Nato recalls Afghan ministry staff
The commander of Nato and US forces says that all Nato personnel are being recalled from Afghan ministries following an attack at the Interior Ministry in Kabul.
General John Allen said staff are being recalled "for obvious force protection reasons." He says Nato is investigating the latest shooting and will pursue all leads to find the person responsible for the attack.
The Taliban has claimed responsibility for the attack, saying it was retaliation for the burning of the Muslim holy book the Koran at a US air base.
Protests against the burnings raged across the country for a fifth day.
An apology from President Barack Obama has failed to quell public outrage over what Nato insisted was an accidental desecration of the Koran. At least 28 people have been killed and hundreds wounded since Tuesday, when it first emerged that Korans and other religious materials had been thrown into a fire pit used to burn rubbish at Bagram Air Field, a large US base north of Kabul.

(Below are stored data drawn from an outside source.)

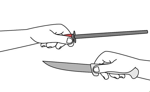 1. ถือแท่งลับมีดข้างที่ไม่ถนัด แท่งเหล็กควรถือในมุมห่างจากตัวปลายแท่งควรยกขึ้งสูงเหนือด้ามจับ
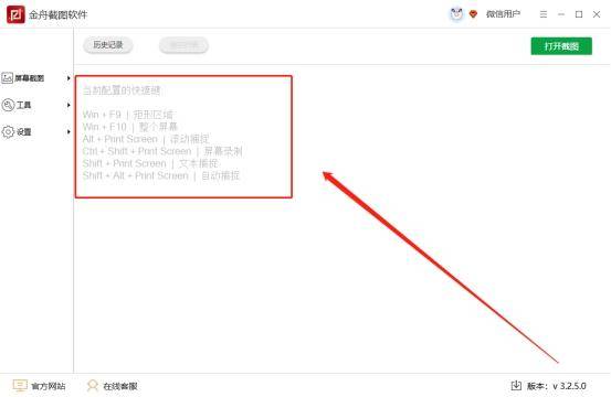 1、打开电脑桌面的金舟截图软件,进入软件页面会有提示,截图快捷键的使用提示,也可以点击“设置”进行个性化的调整;
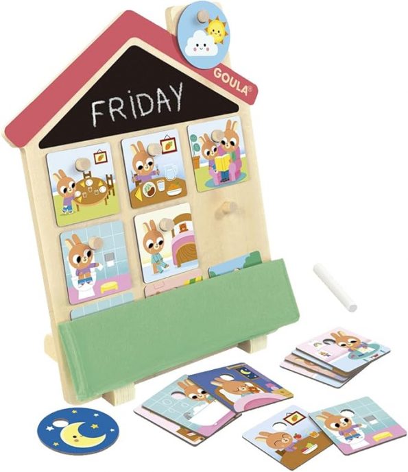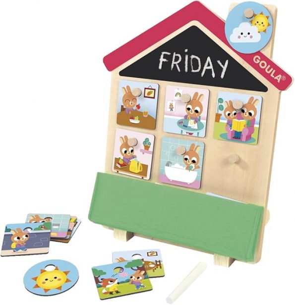 • Monta la casita de madera, escribe el día de la semana en la pizarra y organiza con tu peque las actividades que tiene que hacer durante el día antes de irse a dormir.
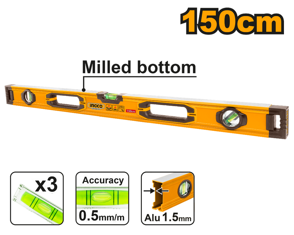 Length:150cm Double side milled0.5mm/m accurate vials Thickness:1.5mmV-shape slot for measuring objects with round surfacePacked by color sleeve
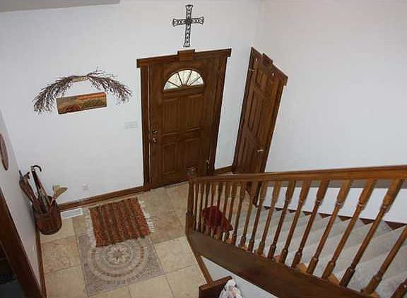 PRIVATE RETREAT, 5 ACRES WITH LOTS OF WOODS, STOCKED POND WITH COVERED BRIDGE LEADING TO ISLAND, 3 BEDROOMS, 3 FULL BATHS, TRAVERTINE TILE IN 2 STORY FOYER, LARGE KITCHEN W/LOTS OF CABINETS AND CERAMIC TILE FLOORING, 40X40 POLE BARN W/CONCRETE FLOOR AND ELECTRIC, MASTER SUITE WITH ATTACHED BATH AND JACUZZI TUB, LARGE FRONT PORCH, SIX PANEL DOORS THROUGHOUT WITH UPGRADED WOODWORK/TRIM,HUGE BONUS ROOM/4TH BEDROOM. DECK WITH PRIVATE BACKYARD
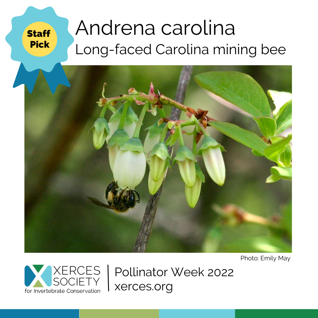 “This bee's long face helps it reach into the deep flowers of blueberries, and its flight season is tightly linked with its spring-blooming host plants. Next time you eat a blueberry, remember to thank Andrena carolina and other pollinators for your sweet treat!”
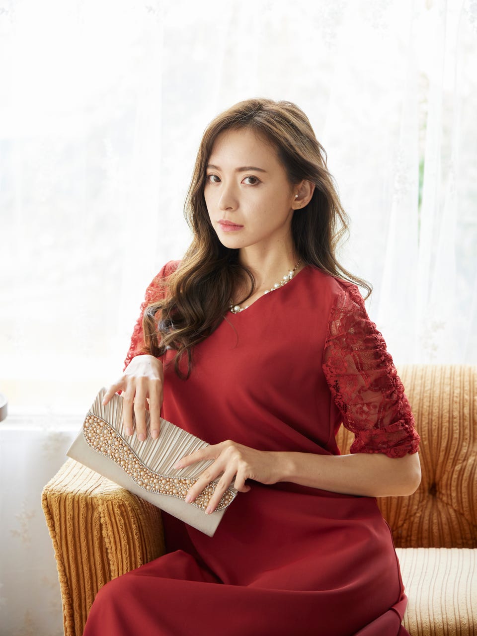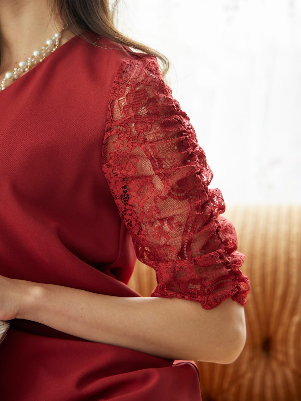 ボリューム感のあるレース袖とボディラインを拾わないシンプルなシルエットで、
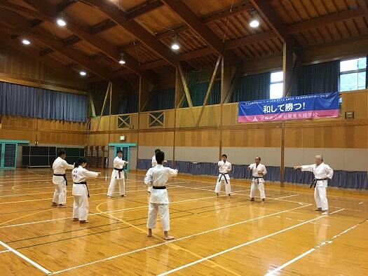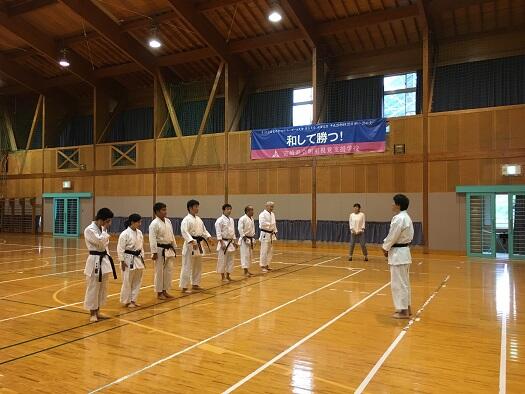 6月2日に宮崎県障がい者空手道協会の設立総会が本校で行われました。宮崎県空手道連盟副会長の深水館長と田岡館長のお二人が顧問となり、本校理療科主任の小山教諭が事務局長となりました。現在の会員は、本校卒業生で今年度空手道世界大会視覚障がい部門で1位となった成人男子と本校高等部男子生徒の2名です。今年は年4回の練習を行います。今後、さらに障がいの枠を広げながら、空手道の普及と発展を図っていきます。設立総会の後は門下生との合同練習が行われ、基本の動きの練習や形の演舞が行われました。生涯スポーツへの扉がまた一つ開かれました。

Among those dead were two US soldiers who were killed Thursday by one of their Afghan counterparts while a riot raged outside their base in the eastern province of Nangarhar.
General Allen, the commander of Nato and US forces in Afghanistan, said he recalled all Nato personnel from the ministries "for obvious force protection reasons" but the alliance remains committed to its partnership with the Afghan government.
Nato forces have advisers embedded in many Afghan ministries, both as trainers and to help manage the transition to Afghan control and foreign forces prepare to withdraw by the end of 2014. The Afghan Interior Ministry oversees all of the country's police, so has numerous Nato advisers.
Two Afghan officials said the ministry shooting did not involve any Afghans. One of the officials noted that the shooting occurred inside a secure room at the ministry that Afghan staff do not have access to. Nato confirmed that two service members were killed, but spokesman Lt. Col Jimmie Cummings said "initial reports say it was not a Western shooter".
In a statement, Taliban spokesman Zabiullah Mujahid said the gunman was an insurgent named Abdul Rahman. He said an accomplice inside the ministry helped him get inside the compound. He said the killings were a planned response to the Koran burnings.